■ DATA PROVIDED
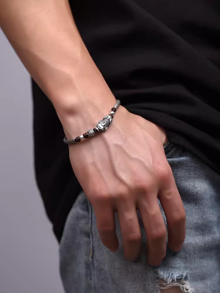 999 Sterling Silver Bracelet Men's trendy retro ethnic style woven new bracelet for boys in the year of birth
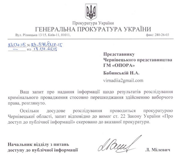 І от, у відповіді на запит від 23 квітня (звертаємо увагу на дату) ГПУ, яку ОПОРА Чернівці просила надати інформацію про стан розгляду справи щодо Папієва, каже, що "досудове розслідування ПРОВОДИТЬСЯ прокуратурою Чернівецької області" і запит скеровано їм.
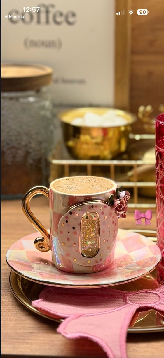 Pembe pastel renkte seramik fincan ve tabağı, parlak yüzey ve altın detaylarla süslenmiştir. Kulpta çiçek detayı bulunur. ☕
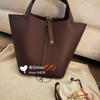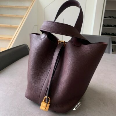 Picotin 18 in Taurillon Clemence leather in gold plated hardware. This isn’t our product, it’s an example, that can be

■ TASK DESCRIPTION
An unchanged copy of the data, images excluded, is all that should be given.

■ RESULT OF THIS EXERCISE
 999 Sterling Silver Bracelet Men's trendy retro ethnic style woven new bracelet for boys in the year of birth
 І от, у відповіді на запит від 23 квітня (звертаємо увагу на дату) ГПУ, яку ОПОРА Чернівці просила надати інформацію про стан розгляду справи щодо Папієва, каже, що "досудове розслідування ПРОВОДИТЬСЯ прокуратурою Чернівецької області" і запит скеровано їм.
 Pembe pastel renkte seramik fincan ve tabağı, parlak yüzey ve altın detaylarla süslenmiştir. Kulpta çiçek detayı bulunur. ☕
 Picotin 18 in Taurillon Clemence leather in gold plated hardware. This isn’t our product, it’s an example, that can be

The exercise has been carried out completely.